Most of our teachers would read out our names, pass a few nondescript remarks(on weather/on regular offenders/late -comers)we would giggle in acknowledgement,and the roll-call would end,on a bland note.
But some teachers, like their personalities, would make this small time -slot (roughly 15 odd minutes) memorable. This piece is a tribute to those crazy, godawful, and downright insane" imparters of knowledge."
A lady( from Haryana , I think) would ask to see if we had polished the back of our shoes. She would compare that part of our attire to" Pakistan".
Another nightmare, would bark out our names with bright -red coloured lipsticked lips, which would pout distastefully, and would send our hearts racing if they grimaced , in all their red glory.Every speck in our pristine white dresses would make themselves visible on "her" day.  If she decided to check pocket articles, all hell would break loose. A mad scramble behind the backs for missing "articles" would ensue. Providing great deal of amusement to seniors lined up behind (we stood according to seniority).

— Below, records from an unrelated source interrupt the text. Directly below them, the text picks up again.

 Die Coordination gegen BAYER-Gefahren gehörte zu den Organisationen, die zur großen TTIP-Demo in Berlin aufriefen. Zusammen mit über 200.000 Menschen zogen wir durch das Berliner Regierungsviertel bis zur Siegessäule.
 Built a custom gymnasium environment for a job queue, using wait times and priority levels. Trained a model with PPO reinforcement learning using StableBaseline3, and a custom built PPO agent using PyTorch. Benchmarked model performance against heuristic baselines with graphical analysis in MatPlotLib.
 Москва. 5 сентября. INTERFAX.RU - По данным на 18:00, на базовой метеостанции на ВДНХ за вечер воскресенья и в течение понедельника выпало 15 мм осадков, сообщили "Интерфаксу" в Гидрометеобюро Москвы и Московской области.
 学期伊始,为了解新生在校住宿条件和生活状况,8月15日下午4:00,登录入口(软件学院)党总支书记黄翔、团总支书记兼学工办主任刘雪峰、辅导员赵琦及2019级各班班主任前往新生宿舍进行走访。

"You are nightingales, you are expected to carry the "universe "in your pocket!! Get it !! " She would bark, in impeccable english, and we would gulp.Universe indeed( pocket articles included pens in three colours , ruler, eraser, pencil,a small note pad, a measuring tape, a pair of folding scissors, and a wrist watch), made our pockets, bulge and sag dolefully.
Your's truly had been  sent to change her uniform on umpteen occasions , as my uniform would invariably, be grimy.

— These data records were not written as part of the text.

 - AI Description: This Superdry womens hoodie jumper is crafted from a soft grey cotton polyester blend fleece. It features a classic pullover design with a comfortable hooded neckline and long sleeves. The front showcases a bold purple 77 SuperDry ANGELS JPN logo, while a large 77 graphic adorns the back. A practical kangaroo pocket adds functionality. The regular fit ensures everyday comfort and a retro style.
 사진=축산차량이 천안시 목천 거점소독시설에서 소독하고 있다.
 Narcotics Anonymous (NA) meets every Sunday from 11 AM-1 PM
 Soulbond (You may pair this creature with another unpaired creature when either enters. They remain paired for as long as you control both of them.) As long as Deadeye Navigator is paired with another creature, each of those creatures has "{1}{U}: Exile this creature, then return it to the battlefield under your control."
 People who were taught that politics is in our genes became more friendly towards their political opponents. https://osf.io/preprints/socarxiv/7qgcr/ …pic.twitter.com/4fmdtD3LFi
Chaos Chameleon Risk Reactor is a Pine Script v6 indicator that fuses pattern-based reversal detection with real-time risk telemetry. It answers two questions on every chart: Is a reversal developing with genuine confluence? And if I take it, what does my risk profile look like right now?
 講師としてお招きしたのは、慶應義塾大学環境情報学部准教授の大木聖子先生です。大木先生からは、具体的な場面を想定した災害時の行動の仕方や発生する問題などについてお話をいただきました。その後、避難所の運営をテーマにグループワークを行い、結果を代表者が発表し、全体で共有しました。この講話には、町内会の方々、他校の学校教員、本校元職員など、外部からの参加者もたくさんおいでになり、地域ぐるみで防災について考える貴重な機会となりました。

Another notable was an extremely educated teacher, with Phds under her belt,  dressed indifferently, would pretend to be nasty; fail miserably; and gave us one of her famous, endearing, buck-toothed grin.
Greeting the birthday girl had its own hilarious moments. Once, I was entrusted with the job of carrying the card for the birthday girl at the roll-call.In an attempt to keep hands-free (for breakfast) and to conceal it(being a surprise) I pushed it up my shirtfront.Once the name was called out, the card simply wouldn't come out, entangled as it was, in an unholy mesh of loose wool from my jersey. Thus creating a morning of unparalleled hilarity.
The teacher summed it up as - "Very warm wishes".
Another teacher had a funny made up accent, and rode her two-wheeler with her long legs splayed to the sides; earning her the unenviable nick name of a witch(riding her broom). She was normally bad-tempered, and thinking of her as a witch would bring -on giggles, an unforgivable offence.Her duty days would remarkably, coincide with the worst food on the menu.
Brinjal and pumpkin curry,dalia kichri, gray colored mutton broth with large,uncooked, onion pieces floating in them ;all deeply loathed, inedible stuff would be doled out. The square entrance to pantry framing her, she would fix us with her basilisk glare as we stuffed our mouths with all these items that tasted almost like mud.
Yup, she would win the most-feared contest, hands-down.

The task-master

ITM for, intimidating task master. She was always at war. With this imperfect world, and her perfect concept of it . As a result, she would channelise all her brilliance into finding fault with things that would seem ordinarily, perfect and flawless.
She would be sitting in this holiday cottage , owned by a former royalty and governor to boot, with all these antique bric- a-brac adorning the walls; mounted , stuffed tiger /deer heads staring down at us from various corners, and she would discover cobwebs in the corner. The vegetarian dish would have beans too raw for her, bathwater too lukewarm.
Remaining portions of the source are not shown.